Sao Paulo, 4 abr (EFE).- Uruguay espera que Argentina y Brasil se recuperen este año de la crisis económica e institucional que, respectivamente, protagonizaron en 2018 para volver a incrementar su flujo de turistas provenientes de esos países.

«Cuando hay incertidumbre, la gente se retrae de viajar», explicó en una entrevista con Efe el director nacional de Turismo de Uruguay, Carlos Fagetti, durante su visita a Sao Paulo para participar en la feria World Travel Market Latin America, que concluye este jueves.
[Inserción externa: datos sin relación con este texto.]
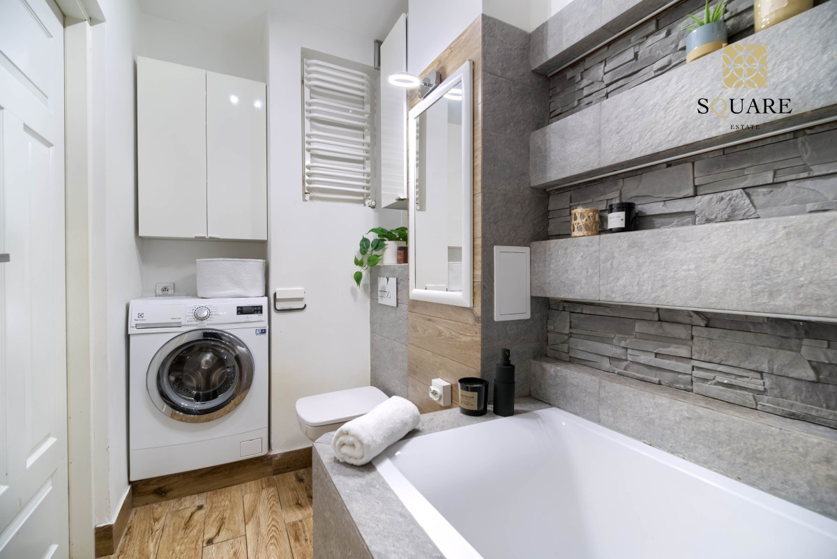 Excellent location near Plac Wilsona metro station, trams, buses, and bicycle paths. Quick access to Trasa Łazienkowska makes it easy to move around Warsaw and leave the city by car.

Según Fagetti, la recesión económica de Argentina y la crisis institucional de Brasil, que el año pasado vivió una de las elecciones presidenciales más polémicas de su historia, «impactaron» de forma directa en el turismo de Uruguay, que registró un total de 3,35 millones de viajeros en 2018, más de un 16 % menos respecto al año anterior.
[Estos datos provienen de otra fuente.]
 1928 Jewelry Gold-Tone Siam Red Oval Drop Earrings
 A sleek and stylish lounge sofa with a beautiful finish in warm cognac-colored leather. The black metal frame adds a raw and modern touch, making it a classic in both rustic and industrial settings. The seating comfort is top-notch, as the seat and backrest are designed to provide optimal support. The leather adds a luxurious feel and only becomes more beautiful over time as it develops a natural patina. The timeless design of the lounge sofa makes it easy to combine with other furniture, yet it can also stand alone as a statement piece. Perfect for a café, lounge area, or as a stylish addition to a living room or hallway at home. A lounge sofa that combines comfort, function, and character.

En 2017, Uruguay vivió el mejor año en la historia de su turismo, con 4 millones de visitantes, repartidos en 3,7 millones de viajeros y 300.000 turistas que sólo pasan el día pero no pernoctan en el país.

Los argentinos, los más recurrentes en el país, son los que más recortaron sus visitas al país vecino en 2018, con un descenso del 30 %.

En ese sentido, Fagetti matizó que los que sí viajaron gastaron más, por lo que el impacto económico fue menor, aunque no supuso una compensación.

En 2018, Uruguay tuvo unos ingresos 7,7 % menores que en 2017, cuando esta retribución llegó a 2.300 millones de dólares.

En el caso de Brasil, el director afirmó que su presencia en la feria en Sao Paulo se traduce en una invitación al público del gigante suramericano para que vuelva a viajar a Uruguay, que se presenta como un destino «seguro y tranquilo», cualidades que los brasileños suelen valorar positivamente.

«Existe una oferta de noche importante y los jóvenes pueden volver tranquilos a sus casas», subrayó el director.

Por su parte, Montevideo dedica sus esfuerzos a llamar al turismo a través de ofertas culturales inéditas, como la exposición de Pablo Picasso, que estará disponible en la ciudad hasta el próximo 30 de junio para tratar de poner en valor el turismo de invierno en la región.

El Museo Nacional de Artes Visuales acoge «pinturas, esculturas, cerámicas y hasta platos auténticos de Picasso que provienen del museo Picasso de París y del de Barcelona, pero también de colecciones privadas», describe el director.

A este proyecto se suman otras iniciativas nuevas como una ruta jesuítica que Uruguay prepara junto a Argentina, Brasil y Paraguay, un itinerario por las misiones jesuitas de estos países.

En el caso de Uruguay, las paradas planeadas en este sentido son la Calera de las Huérfanas, en el departamento de Colonia (suroeste) y la estancia Nuestra Señora de los Desamparados, en Florida (centro-sur).

Todo eso ayudará, según Fagetti, a avanzar en la estrategia que desde hace años Uruguay lleva implantando: la descentralización de un turismo tradicionalmente estival que tiene como principales destinos la capital del país y la ciudad costera de Punta del Este.

Para el experto, «después de mucho trabajo Uruguay ha conseguido que cada región construya su propia oferta cultural» con el fin de redistribuir el flujo de visitantes e ir más allá del recreo «de sol y playa».

Estas propuestas van desde el turismo minero del norte, donde existen yacimientos de oro, ágatas y amatistas; pasando por regiones como el circuito Unesco (Fray Bentos, Colonia y el geoparque Gruta del Palacio) y llegan hasta el corredor de los pájaros pintados (litoral oeste), donde destaca el turismo náutico.